▶ Data excerpt

+---+

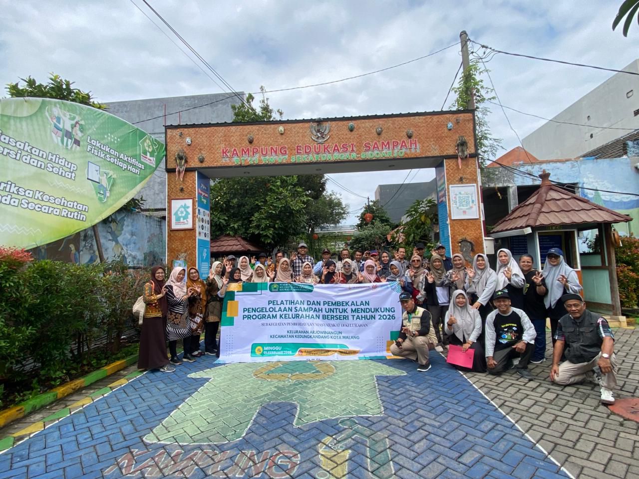 Sidoarjo – Dalam rangka pelaksanaan Kegiatan Pemberdayaan Masyarakat, Kelurahan Arjowinangun, Kecamatan Kedungkandang, Kota Malang, melaksanakan Kegiatan Penguatan Kelembagaan dengan tema “Pelatihan dan Pembekalan Pengelolaan Sampah untuk Mendukung Program Kelurahan Berseri Tahun 2026” melalui kunjungan pembelajaran ke Kampung Edukasi Sampah (KES) RT 23 RW 07, Kelurahan Sekardangan, Kabupaten Sidoarjo, pada Minggu, 1 Februari 2026.
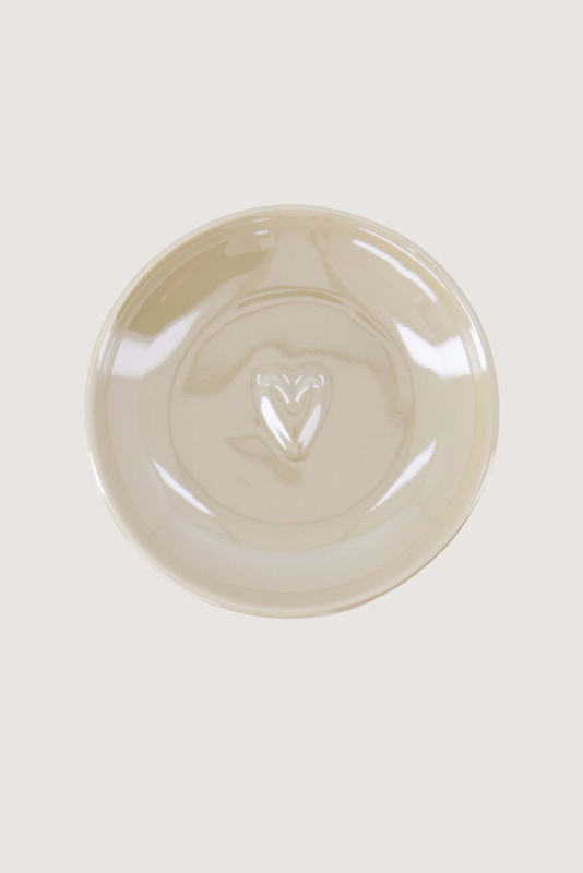 Dit Zusss dipschaaltje van keramiek in zandkleur heeft een hartje in het midden. Het schaaltje heeft een diameter van 11 cm en past bij verschillende soorten servies. De neutrale zandkleur maakt het gemakkelijk te combineren met andere mokken, kopjes en borden.
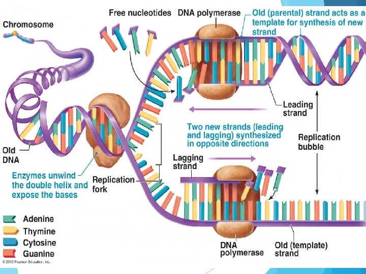 DNA Replication Two strands of the DNA molecule open forming replication forks New strands grow at the forks 5’ 3’ 3’ Parental DNA Molecule Replication Fork 5’
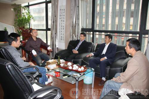 為及時(shí)了解畢業(yè)生的就業(yè)情況,更好地掌握畢業(yè)生在就業(yè)工作中存在的問(wèn)題及企業(yè)人才需求情況,10月21日下午,記者隨同湖南萬(wàn)通汽車(chē)學(xué)校校長(zhǎng)助理蔡賢滿(mǎn)、教學(xué)總督導(dǎo)陳齊雄及就業(yè)指導(dǎo)中心陸凱主任一行走進(jìn)了畢業(yè)學(xué)子就業(yè)單位新朋國(guó)際商務(wù)會(huì)所進(jìn)行了就業(yè)回訪(fǎng)。據(jù)悉,新朋國(guó)際會(huì)所是湖南省著名的太陽(yáng)膜代理商、汽車(chē)服務(wù)連鎖,于長(zhǎng)沙已開(kāi)設(shè)了多家分店,現(xiàn)有謝兵等上10位萬(wàn)通學(xué)子在此成功就業(yè)。

+---+

Leave out the pictures and give the rest of the material again, unaltered.

 Sidoarjo – Dalam rangka pelaksanaan Kegiatan Pemberdayaan Masyarakat, Kelurahan Arjowinangun, Kecamatan Kedungkandang, Kota Malang, melaksanakan Kegiatan Penguatan Kelembagaan dengan tema “Pelatihan dan Pembekalan Pengelolaan Sampah untuk Mendukung Program Kelurahan Berseri Tahun 2026” melalui kunjungan pembelajaran ke Kampung Edukasi Sampah (KES) RT 23 RW 07, Kelurahan Sekardangan, Kabupaten Sidoarjo, pada Minggu, 1 Februari 2026.
 Dit Zusss dipschaaltje van keramiek in zandkleur heeft een hartje in het midden. Het schaaltje heeft een diameter van 11 cm en past bij verschillende soorten servies. De neutrale zandkleur maakt het gemakkelijk te combineren met andere mokken, kopjes en borden.
 DNA Replication Two strands of the DNA molecule open forming replication forks New strands grow at the forks 5’ 3’ 3’ Parental DNA Molecule Replication Fork 5’
 為及時(shí)了解畢業(yè)生的就業(yè)情況,更好地掌握畢業(yè)生在就業(yè)工作中存在的問(wèn)題及企業(yè)人才需求情況,10月21日下午,記者隨同湖南萬(wàn)通汽車(chē)學(xué)校校長(zhǎng)助理蔡賢滿(mǎn)、教學(xué)總督導(dǎo)陳齊雄及就業(yè)指導(dǎo)中心陸凱主任一行走進(jìn)了畢業(yè)學(xué)子就業(yè)單位新朋國(guó)際商務(wù)會(huì)所進(jìn)行了就業(yè)回訪(fǎng)。據(jù)悉,新朋國(guó)際會(huì)所是湖南省著名的太陽(yáng)膜代理商、汽車(chē)服務(wù)連鎖,于長(zhǎng)沙已開(kāi)設(shè)了多家分店,現(xiàn)有謝兵等上10位萬(wàn)通學(xué)子在此成功就業(yè)。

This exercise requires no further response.